* _About this exercise_
In the entries that follow, the first line to write out is the one containing "Отраслевое распределение по", and the last is the one containing "Villa LeGa has". Reproduce that stretch exactly, with nothing before or after it.

* _Raw data_
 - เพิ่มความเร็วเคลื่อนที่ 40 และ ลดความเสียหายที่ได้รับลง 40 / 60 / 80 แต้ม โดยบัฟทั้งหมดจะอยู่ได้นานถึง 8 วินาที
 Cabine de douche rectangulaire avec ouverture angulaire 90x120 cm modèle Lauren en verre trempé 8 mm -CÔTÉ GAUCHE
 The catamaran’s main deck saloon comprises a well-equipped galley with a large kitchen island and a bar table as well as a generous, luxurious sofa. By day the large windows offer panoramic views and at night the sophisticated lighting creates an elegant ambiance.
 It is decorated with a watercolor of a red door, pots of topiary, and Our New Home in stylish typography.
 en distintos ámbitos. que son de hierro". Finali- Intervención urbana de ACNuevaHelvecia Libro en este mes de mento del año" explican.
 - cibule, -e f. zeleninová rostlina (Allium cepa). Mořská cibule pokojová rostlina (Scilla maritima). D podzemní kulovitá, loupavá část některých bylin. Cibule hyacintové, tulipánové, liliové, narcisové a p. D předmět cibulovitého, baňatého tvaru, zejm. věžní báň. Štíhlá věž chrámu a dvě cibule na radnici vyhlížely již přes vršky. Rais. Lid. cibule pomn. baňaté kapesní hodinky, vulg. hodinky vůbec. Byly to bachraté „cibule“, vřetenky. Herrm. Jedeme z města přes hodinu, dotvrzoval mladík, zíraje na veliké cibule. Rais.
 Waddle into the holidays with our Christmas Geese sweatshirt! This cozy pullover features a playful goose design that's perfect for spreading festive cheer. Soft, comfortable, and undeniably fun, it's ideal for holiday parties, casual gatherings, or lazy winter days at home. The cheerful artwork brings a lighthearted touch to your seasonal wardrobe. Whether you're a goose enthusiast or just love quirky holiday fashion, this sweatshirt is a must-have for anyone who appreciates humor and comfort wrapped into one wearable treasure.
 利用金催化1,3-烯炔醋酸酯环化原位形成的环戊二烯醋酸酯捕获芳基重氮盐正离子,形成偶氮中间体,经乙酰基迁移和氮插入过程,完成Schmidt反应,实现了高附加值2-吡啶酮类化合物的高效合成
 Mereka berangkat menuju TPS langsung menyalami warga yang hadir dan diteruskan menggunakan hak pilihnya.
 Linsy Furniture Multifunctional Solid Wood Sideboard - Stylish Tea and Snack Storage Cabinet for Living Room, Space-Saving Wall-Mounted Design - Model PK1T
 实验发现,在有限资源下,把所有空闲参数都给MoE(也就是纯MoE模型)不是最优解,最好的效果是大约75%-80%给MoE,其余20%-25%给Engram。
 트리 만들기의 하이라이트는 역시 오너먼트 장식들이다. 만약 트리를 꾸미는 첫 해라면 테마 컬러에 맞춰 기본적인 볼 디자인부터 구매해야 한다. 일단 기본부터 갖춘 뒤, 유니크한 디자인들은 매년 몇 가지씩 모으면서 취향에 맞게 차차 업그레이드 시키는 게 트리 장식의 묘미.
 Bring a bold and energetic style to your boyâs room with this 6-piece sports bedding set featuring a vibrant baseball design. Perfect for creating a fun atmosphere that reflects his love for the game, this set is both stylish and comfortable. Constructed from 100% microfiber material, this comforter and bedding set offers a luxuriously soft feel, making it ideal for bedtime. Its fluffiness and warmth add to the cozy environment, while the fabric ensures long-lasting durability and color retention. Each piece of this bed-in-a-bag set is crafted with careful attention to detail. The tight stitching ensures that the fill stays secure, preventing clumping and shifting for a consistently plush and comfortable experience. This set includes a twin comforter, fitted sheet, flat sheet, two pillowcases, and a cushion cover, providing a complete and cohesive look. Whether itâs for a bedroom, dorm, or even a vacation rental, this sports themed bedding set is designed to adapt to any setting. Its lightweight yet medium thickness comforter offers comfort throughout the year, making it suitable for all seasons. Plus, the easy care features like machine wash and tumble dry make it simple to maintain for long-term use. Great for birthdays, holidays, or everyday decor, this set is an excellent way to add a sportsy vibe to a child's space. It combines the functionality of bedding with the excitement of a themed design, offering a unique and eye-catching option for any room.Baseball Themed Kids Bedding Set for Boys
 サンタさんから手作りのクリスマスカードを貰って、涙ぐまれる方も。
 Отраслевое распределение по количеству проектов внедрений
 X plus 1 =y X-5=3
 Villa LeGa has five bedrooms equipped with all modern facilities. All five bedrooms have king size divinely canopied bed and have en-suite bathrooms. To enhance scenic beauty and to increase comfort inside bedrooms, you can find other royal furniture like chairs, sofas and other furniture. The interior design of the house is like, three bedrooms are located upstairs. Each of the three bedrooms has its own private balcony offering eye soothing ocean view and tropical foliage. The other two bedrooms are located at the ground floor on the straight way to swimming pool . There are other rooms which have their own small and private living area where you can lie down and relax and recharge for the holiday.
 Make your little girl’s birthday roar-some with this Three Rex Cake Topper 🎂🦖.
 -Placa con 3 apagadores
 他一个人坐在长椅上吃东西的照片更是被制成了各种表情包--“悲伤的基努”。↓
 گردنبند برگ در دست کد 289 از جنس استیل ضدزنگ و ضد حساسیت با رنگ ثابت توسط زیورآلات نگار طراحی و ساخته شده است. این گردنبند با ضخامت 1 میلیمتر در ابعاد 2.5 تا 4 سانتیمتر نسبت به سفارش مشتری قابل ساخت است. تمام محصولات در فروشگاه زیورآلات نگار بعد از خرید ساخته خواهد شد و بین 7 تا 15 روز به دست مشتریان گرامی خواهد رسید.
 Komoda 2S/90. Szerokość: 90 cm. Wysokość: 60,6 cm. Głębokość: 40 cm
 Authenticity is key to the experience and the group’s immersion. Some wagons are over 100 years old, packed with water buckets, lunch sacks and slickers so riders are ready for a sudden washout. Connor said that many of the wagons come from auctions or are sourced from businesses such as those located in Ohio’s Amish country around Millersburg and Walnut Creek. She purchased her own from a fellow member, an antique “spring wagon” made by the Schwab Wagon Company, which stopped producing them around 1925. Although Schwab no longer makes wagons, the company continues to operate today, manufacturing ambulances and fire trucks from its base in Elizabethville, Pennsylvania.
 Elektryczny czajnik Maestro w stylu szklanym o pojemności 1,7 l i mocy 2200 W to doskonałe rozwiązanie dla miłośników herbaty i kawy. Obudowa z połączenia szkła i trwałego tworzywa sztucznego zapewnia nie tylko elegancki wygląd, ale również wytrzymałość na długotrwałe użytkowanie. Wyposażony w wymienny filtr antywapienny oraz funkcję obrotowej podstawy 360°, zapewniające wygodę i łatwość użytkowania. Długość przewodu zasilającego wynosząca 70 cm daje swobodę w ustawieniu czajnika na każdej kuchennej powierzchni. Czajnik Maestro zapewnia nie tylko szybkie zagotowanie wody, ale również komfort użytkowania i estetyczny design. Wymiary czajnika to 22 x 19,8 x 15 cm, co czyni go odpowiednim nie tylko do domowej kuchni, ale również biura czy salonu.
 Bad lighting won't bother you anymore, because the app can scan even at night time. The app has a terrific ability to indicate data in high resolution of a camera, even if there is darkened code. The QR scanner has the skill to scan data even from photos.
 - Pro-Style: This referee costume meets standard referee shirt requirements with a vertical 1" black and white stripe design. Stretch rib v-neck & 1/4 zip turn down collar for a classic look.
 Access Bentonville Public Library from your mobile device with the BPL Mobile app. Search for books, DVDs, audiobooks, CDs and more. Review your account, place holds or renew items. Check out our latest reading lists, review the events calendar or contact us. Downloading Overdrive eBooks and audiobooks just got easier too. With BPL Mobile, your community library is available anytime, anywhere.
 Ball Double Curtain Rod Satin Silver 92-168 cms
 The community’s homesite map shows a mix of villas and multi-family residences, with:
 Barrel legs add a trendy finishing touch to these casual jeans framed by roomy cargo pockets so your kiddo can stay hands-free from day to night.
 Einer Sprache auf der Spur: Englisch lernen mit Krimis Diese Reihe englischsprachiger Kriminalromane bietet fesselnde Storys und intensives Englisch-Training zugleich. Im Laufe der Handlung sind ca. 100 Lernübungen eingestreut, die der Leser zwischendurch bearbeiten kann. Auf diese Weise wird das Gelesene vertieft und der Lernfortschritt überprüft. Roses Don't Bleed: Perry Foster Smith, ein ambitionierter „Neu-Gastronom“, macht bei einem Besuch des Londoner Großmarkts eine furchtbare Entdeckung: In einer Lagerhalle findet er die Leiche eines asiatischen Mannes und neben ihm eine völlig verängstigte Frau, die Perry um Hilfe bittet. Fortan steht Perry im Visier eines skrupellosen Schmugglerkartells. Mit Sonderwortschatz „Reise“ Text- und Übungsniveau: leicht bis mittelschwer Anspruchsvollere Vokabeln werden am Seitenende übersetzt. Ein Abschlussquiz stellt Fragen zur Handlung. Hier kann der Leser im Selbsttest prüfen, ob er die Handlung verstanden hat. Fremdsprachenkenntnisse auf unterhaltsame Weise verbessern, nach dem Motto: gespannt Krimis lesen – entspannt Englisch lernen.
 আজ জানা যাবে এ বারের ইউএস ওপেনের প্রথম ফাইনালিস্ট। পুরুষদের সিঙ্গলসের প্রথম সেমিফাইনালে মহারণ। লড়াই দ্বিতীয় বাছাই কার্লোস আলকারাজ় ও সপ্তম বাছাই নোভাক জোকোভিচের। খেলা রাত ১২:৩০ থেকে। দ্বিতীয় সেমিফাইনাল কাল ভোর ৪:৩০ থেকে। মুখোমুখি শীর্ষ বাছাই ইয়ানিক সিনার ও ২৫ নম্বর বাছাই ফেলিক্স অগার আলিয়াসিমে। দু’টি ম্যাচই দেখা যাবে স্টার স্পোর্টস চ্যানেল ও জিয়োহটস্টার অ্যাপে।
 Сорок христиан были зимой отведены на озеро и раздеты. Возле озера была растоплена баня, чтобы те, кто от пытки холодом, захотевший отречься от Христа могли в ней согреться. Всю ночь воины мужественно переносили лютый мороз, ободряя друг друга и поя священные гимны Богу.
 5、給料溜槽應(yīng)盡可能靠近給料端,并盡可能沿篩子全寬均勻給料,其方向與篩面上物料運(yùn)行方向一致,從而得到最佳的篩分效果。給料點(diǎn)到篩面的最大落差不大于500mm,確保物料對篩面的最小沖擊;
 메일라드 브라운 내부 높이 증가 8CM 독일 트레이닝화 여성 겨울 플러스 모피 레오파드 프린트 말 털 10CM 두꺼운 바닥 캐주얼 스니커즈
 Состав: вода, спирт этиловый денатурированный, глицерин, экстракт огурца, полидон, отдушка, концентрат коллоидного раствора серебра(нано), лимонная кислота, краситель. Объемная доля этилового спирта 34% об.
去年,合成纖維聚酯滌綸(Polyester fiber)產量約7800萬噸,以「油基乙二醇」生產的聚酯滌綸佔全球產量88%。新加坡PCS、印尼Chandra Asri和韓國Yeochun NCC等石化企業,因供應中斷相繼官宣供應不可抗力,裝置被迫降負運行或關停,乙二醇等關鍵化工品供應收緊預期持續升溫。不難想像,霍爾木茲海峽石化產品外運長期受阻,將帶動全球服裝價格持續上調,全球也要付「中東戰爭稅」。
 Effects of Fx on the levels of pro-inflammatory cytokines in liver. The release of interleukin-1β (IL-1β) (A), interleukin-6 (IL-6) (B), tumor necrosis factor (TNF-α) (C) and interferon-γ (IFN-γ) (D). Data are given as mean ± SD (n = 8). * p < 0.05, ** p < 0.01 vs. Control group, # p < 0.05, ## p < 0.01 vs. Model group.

* _Answer box_
 Отраслевое распределение по количеству проектов внедрений
 X plus 1 =y X-5=3
 Villa LeGa has five bedrooms equipped with all modern facilities. All five bedrooms have king size divinely canopied bed and have en-suite bathrooms. To enhance scenic beauty and to increase comfort inside bedrooms, you can find other royal furniture like chairs, sofas and other furniture. The interior design of the house is like, three bedrooms are located upstairs. Each of the three bedrooms has its own private balcony offering eye soothing ocean view and tropical foliage. The other two bedrooms are located at the ground floor on the straight way to swimming pool . There are other rooms which have their own small and private living area where you can lie down and relax and recharge for the holiday.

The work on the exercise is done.